• fetor •
Part of Speech: Noun
Meaning: A stench, an unpleasant or offensive odor.
Notes: You may correctly chide anyone you see spell this word foetor; the only correct spelling is fetor. This word is the noun from the adjective fetid ?smelly, stinky?, which may be used as an adverb, fetidly, should you ever need a word meaning "stinkily".
In Play: Sometimes we need a word meaning "stench" that is a bit more elevated, subtle: "Binky, what is the origin of the fetor emanating from your room?" It is more applicable to the discussion of elevated offices when used figuratively: "It may take some time for the fetor to dissipate from the Illinois governor's office, now that Blagojevich has departed."
Word History: Many dictionaries list foetor as an acceptable alternate spelling of today's Good Word.

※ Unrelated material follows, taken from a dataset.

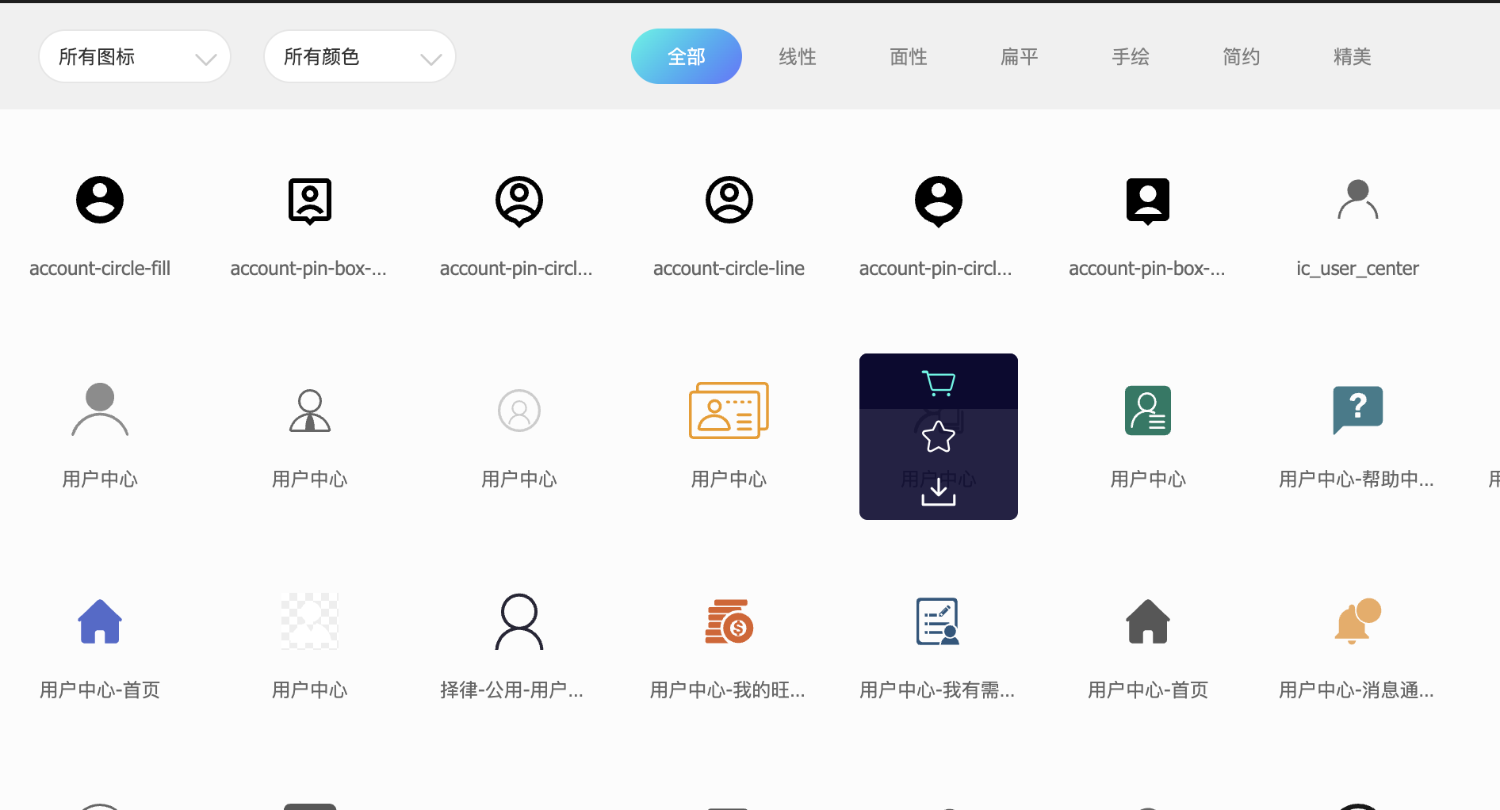 比如输入用户中心几个字,即可出来用户中心相关的图标:

The Oxford English Dictionary, however, makes it clear that this is incorrect. It probably results from a confusion of this word and its adjective, fetid, with foetus, widely used in the United Kingdom. But these two words have nothing to do with each other; their similarity is purely coincidental. Fetus comes from a root meaning "to give birth, to grow" and meant "offspring" in Latin. The OE spelling was old even in Latin; by the classical period even this word was spelled with a simple E. (We wouldn't want to raise a fetor by forgetting to thank Luciano Eduardo de Oliveira, the Brazilian Dude at the Alpha Agora, for today's suggestions, so let me say, "Thank you," right here.)